There is a group out there but they all have jobs, and they don’t want to risk their jobs and it’s a sad thing … a lot of people are very scared … there is a group and there are some really good people out there.
Do you ever have fellow entertainers say to you, "I'm with you, but I just can't come out" of the conservative closet?
I hear that more (from) film and TV than music. There are a few, I have heard that a couple of times. People say, “Hey, I appreciate you being out there, I wish I could, I just can’t.” What I hear a lot more often is when people find out my worldview is, “Wow, we thought you were such a nice guy.” And people are shocked.
It’s no coincidence that my current single is a song called “What If” and the chorus is, “what if you were me, what if I were you.” I’m sure there’s a certain part of me that’s like look, if you knew me and you knew my experience, maybe you’d readjust your labeling and your generic thinking of the typical Republican, you know, the "sexist, racist, evil devil lord."
I do believe at the end of the day, most Americans from both parties – not all of them, because some are just warriors that want to destroy the other side – most Americans want the same thing. They want to reward excellence, they want everybody to get a fair shot … all the same things, they want their kids to have a better chance than they did, they just have different strategies of how to get there, right?
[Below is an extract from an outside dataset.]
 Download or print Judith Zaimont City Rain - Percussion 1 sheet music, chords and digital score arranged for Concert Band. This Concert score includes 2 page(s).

And for me, I was a math major -- I’m an analytical guy, I’m a pragmatic guy. You show me data where I’m wrong, I will change my mind. But for me, I just look at history and usually the conservative philosophy tends to make people’s lives better. If it didn’t, I’d believe the other side. So again, I’m more of a pragmatic guy and to this day, I’m still hoping to change some minds. I think that’s a big problem with this country, and I know Glenn (Beck) agrees, that’s it’s very hard to have the conversation. If we can’t have the conversation, we can’t solve problems.
Your new song Rebel stands out to me a lot. It’s the bonus track on “Bookmarks” and seems to take a jab at the Sean Penns, Michael Moores and Sally Fields of the world.
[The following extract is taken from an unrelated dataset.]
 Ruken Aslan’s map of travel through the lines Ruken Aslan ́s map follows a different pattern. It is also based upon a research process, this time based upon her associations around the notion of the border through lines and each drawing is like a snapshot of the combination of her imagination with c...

Yes. (Laughs.) And there’s a reason it’s a bonus track. Yeah, it is by far the most political statement that I’ve made and, you know, I’ve wanted to say that for a long time. It’s – I’ve always laughed when people call some of these celebrities “rebels” because basically they just reflect the views of everyone in their business and all of their coworkers and everyone in the media. … It gives me more respect for people like Kid Rock. He’ll go out there and say, "Hey, you know that’s not what’s called being a rebel … (it's) disagreeing with everyone who writes your check." … So yeah, I wanted to take somewhat of a satirical shot at some of these people who stand on the soapbox and are so “brave,” and you mentioned a few of them.
[sharequote align="center"]"I’ve always laughed when people call some of these celebrities 'rebels.'"[/sharequote]
What’s the response to the song been?
A few people like you who kind of know my views and are kind of immersed in this kind of culture war battle, they get it and they appreciate it. But for most people, they think it’s about a girl, like most songs are. And that’s fine, that’s the nature of music and for me I tend to just – I tend to let the songs speak for themselves. And like I said, there’s a reason that was song number 12 and the bonus track. It was more for me.
And I totally understand, you have to walk the tightrope. We talked about some of these celebrities that are very political and kind of annoy us. And I understand – 99.9 percent of people who buy my record, listen to my songs, they don’t want to hear my political worldview. They want to escape from reality, they want to listen to some music. So I really try to walk the tightrope of not hammering it down people’s throats. It’s there if you want it, but most people don’t, and I fully understand that.
What’s been the audience reaction to your politics – have you gained fans from being more outspoken, have you lost fans?
Yes. (Laughs.) There are people who have said, “I will never buy another Five for Fighting record because you did Mike Huckabee’s show.” And that is just the reality of the game. When you make records and you’ve had some success at the level I’ve had, there’s always going to be people that hate you, there’s always going to be people that love you. … I bet you half the people on Twitter have never bought a Five for Fighting record or listened to a song. They’re political sports fans, and that’s cool, I like that, that’s the place I go to talk about stuff that interests me.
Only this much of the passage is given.